【CP-力作鼎推】OWLS: Scaling Laws for Multilingual Speech Recognition and Translation Models
论文链接
Neural scaling laws offer valuable insights for designing robust sequence processing architectures. While these laws have been extensively characterized in other modalities, their behavior in speech remains comparatively underexplored. In this work, we introduce OWLS, an open-access, reproducible suite of multilingual speech recognition and translation models spanning 0.25B to 18B parameters, with the 18B version being the largest speech model, to the best of our knowledge. OWLS leverages up to 360K hours of public speech data across 150 languages, enabling a systematic investigation into how data, model, and compute scaling each influence performance in multilingual speech tasks. We use OWLS to derive neural scaling laws, showing how final performance can be reliably predicted when scaling. One of our key findings is that scaling enhances performance on low-resource languages/dialects, helping to mitigate bias and improve the accessibility of speech technologies. Finally, we show how OWLS can be used to power new research directions by discovering emergent abilities in large-scale speech models.
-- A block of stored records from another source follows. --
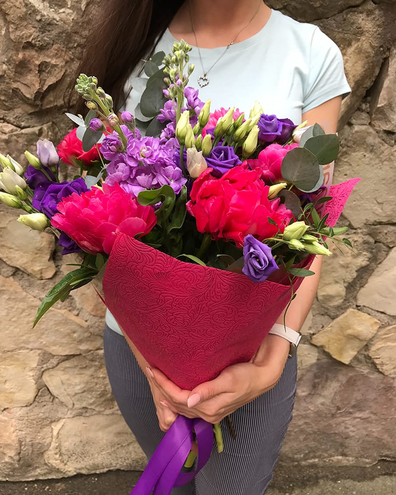 Sākums » Ziedu katalogs » Peoniju Pušķi » Peoniju, lizanšu, un lefkoju pušķis ar eilkaliptu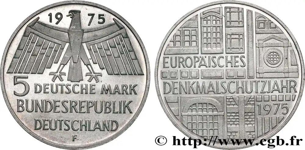 Seulement Aujourd’hui ALLEMAGNE 5 Mark Proof Année européenne du patrimoine 1975 Stuttgart – F fwo_822973 Monde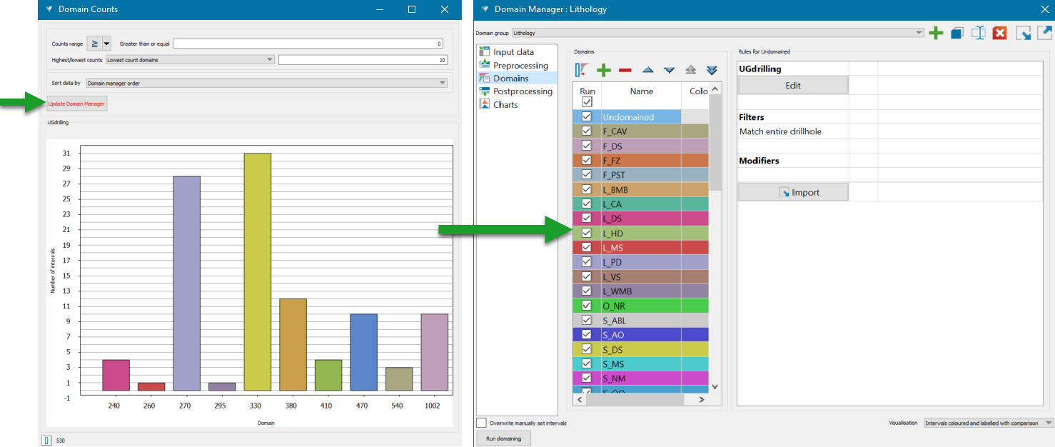 The Domains section of the Domain Manager will be populated with the domain codes extracted from the drillholes.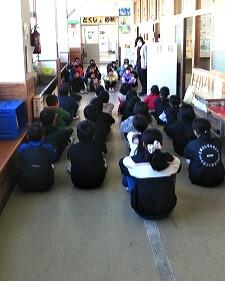 まず、全校で目井津子守船歌を3年生のパフォーマンス付きで歌い、ボランティアの方々の紹介、児童代表あいさつ、4年生の合唱・合奏のプレゼントを行い、最後にボランティア代表の方にお話をしていただきました。

Model checkpoints will be released on huggingface for future studies.
Conclusions:
- Larger models can mitigate bias and improve the fairness of speech technologies.
- while parameter scaling can significantly improve ST performance, it cannot overcome cases where there is inherently insufficient amounts of data to learn the task.
- data scaling without additional diversity leads to quickly saturated performance.
- small models already exhibit strong performance in phonetically mapping speech to text and larger models exhibit significantly stronger orthographic capabilities.
- scaling can lead to significant reductions in code-switched CER, but the benefits are unevenly distributed.
- larger ASR models are indeed more capable of ”mishearing” in a semantically sound manner.